As with Brief Encounter, our couples in the world premiere of Stephen Sachs’ new play Arrival & Departure meet in a train station, (theirs the kind that churns coal and grinds steel, ours the kind that surges below the earth.) Brief Encounter’s couple’s first rendezvous transpires in a tidy and charming tea shop, ours in a gritty Dunkin’ Donuts. Over the course of the production, fans of the classic may notice some deviations, updates, and modifications – but none of them alter the thrust of this timeless piece. The heart of yesterday beats with the same rhythm as the heart of today.
Brief Encounter, based on Coward’s one-act play Still Life, is just one of Lean and Coward’s many collaborations, and remains a beacon that has gone on to inform the genre and influence many cinematic brief encounters since. Coward, never married and secretly gay, adapted his one-act with such skill as to retain all the desire and simmering torment he felt in his heart, and that drove his protagonists toward their scintillating, but ultimately doomed affair.

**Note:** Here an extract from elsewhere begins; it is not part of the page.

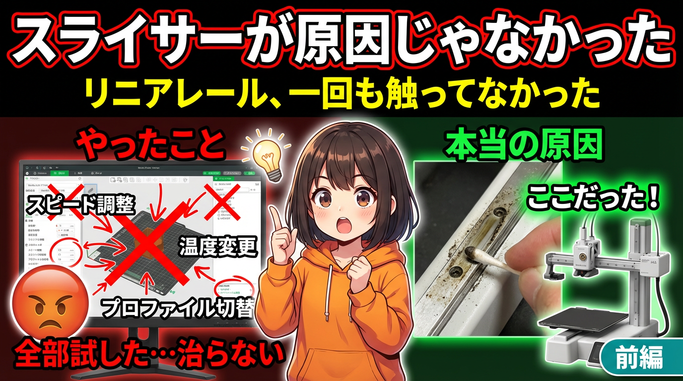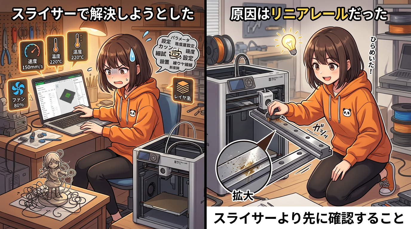 私も最初は「スピードを下げたら治るかも」「温度を少し変えたら?」とスライサーをいじりまくりました。全然治らない。あるとき「そういえばリニアレールって一回も掃除してないな」と気づいて、触ってみたらツールヘッドが動くときに明らかに引っかかりのある場所がある。

Today, our world is fraught with global geopolitical distress, corruption, panic, and cruelty emanating from the highest offices in our land. Speed of light communication allows us the privilege of experiencing first hand the acute crises of people the world over. Everything is immediate, huge, and of dire importance – this is not the case with Brief Encounter. Lean, who later would become known for his epics (Lawrence of Arabia, The Bridge on the River Kwai, Doctor Zhivago) instead delivers to us a simple, clean, purely shot film that takes us deep into the hearts of humankind, and shows us that something close, something intimate, something that slyly unfurls in our psyche can become powerful enough to overcome a lifetime of repression. Perhaps it was only someone who could see things so large, could so beautifully show us something so small.